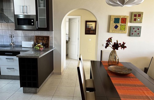 Spacious and luxurious two-bedroom holiday apartment, with two bathrooms, terrace of 42 m2 with magnificent views of the beach of Jandia and its famous lighthouse, very sunny and with all the necessary amenities to enjoy a magnificent holiday, just 350 m away from the beach, and very close to the leisure and shopping area. The terrace is fully furnished, and from the bed of the double bedroom, you can observe the beach without having to get up. The apartment is very comfortable, has an interior surface of 72 m2, and consists of two bedrooms, two bathrooms (one of them in the master bedroom, with bath-shower, Wc, two sinks and bidet), the other bathroom, with a shower, a sink, toilet and bidet. Living room with TV, stereo, and a fully equipped kitchen with everything you need (coffee machine, toaster, kettle, blender, oven, microwave, cutting board, dishes of all kinds, dishwasher, etc.)
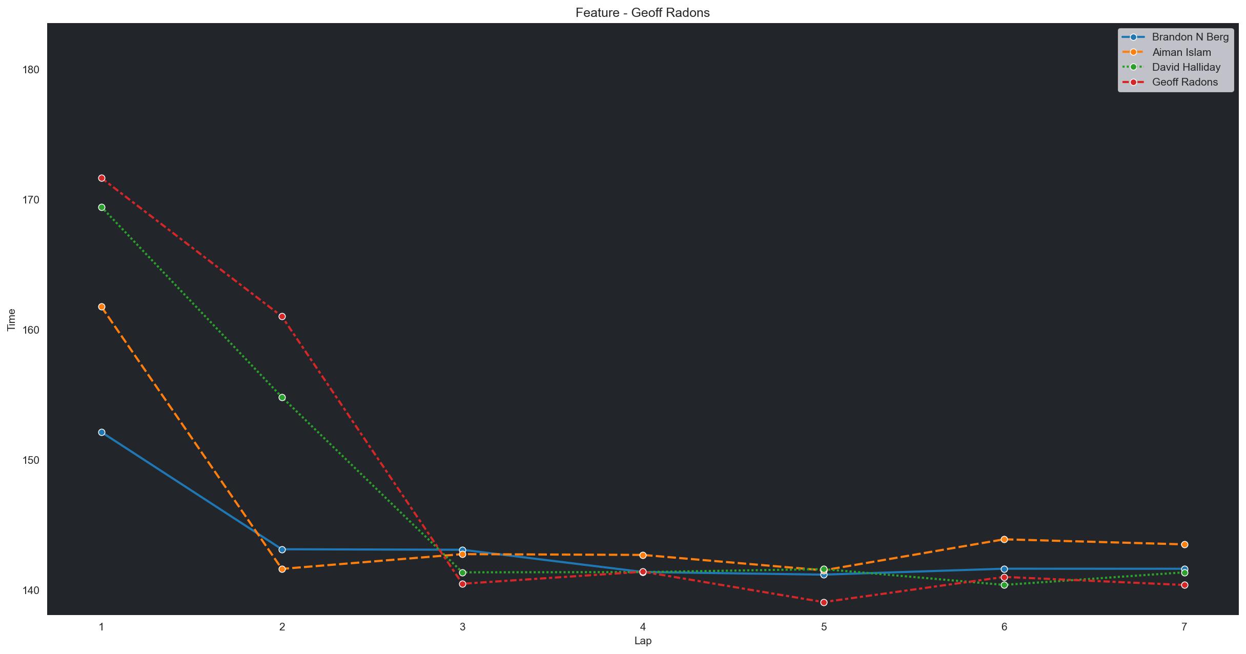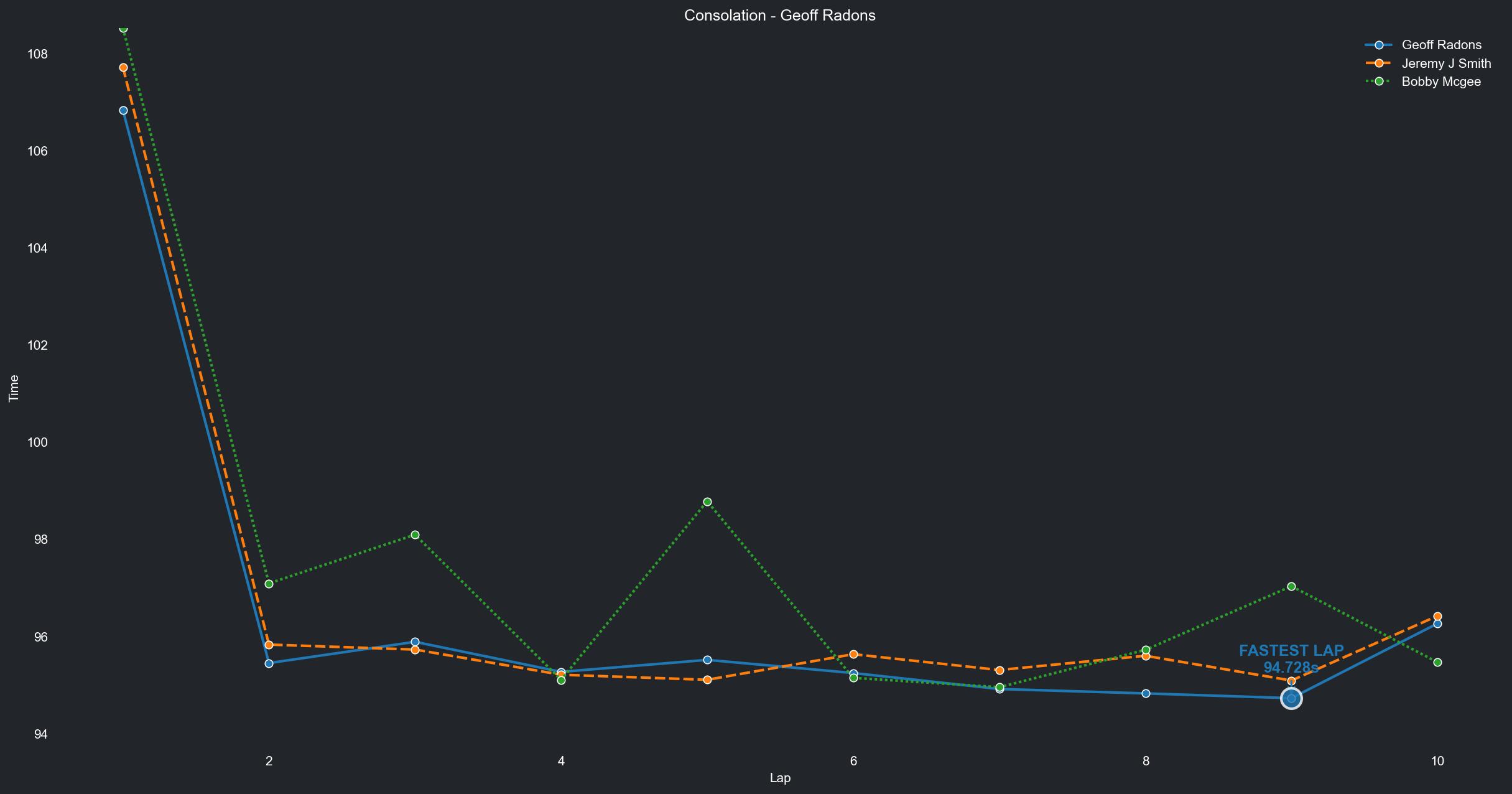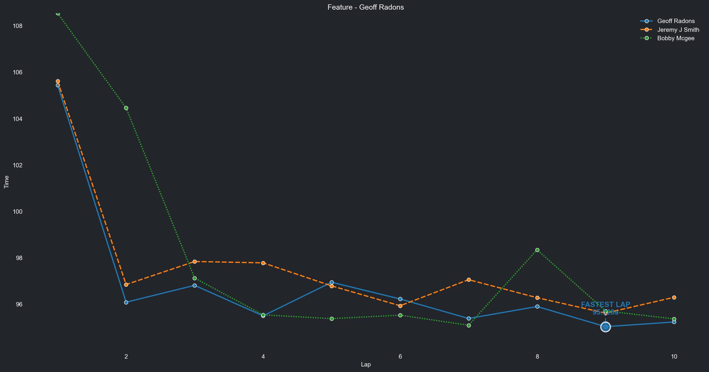 | Geoff Radons | 7 | 5 | 1:45.4405 | 1:36.0825 | 1:36.8100 | 1:35.4950 | 1:36.9434 | 1:36.2236 | 1:35.3813 | 1:35.8966 | 1:35.0282 | 1:35.2304 | 0 |
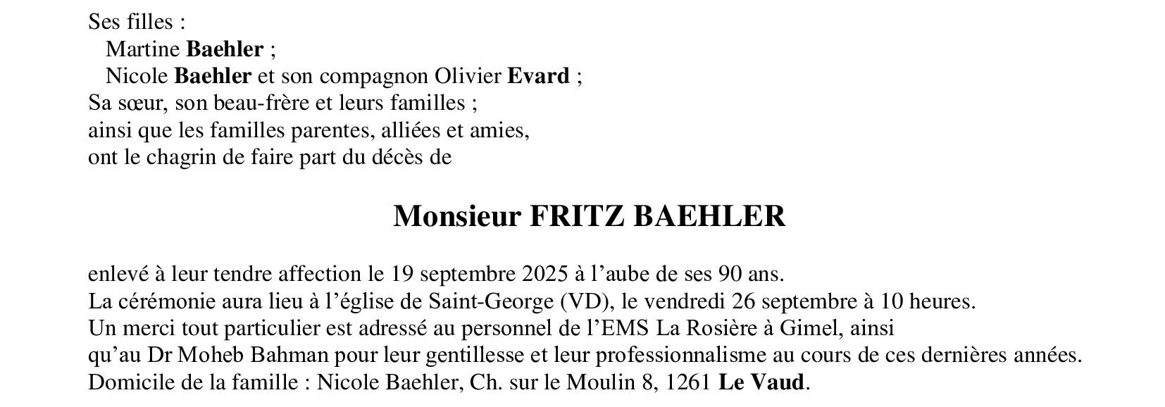 Monsieur Fritz BAEHLER

===

* **AIM OF THE TASK**
In the listing above, transcribe exactly the lines from the line containing "1:35.2304 | 0 |" through the last one, both included, but not the pictures.

* **ANSWER BOX**
 | Geoff Radons | 7 | 5 | 1:45.4405 | 1:36.0825 | 1:36.8100 | 1:35.4950 | 1:36.9434 | 1:36.2236 | 1:35.3813 | 1:35.8966 | 1:35.0282 | 1:35.2304 | 0 |
 Monsieur Fritz BAEHLER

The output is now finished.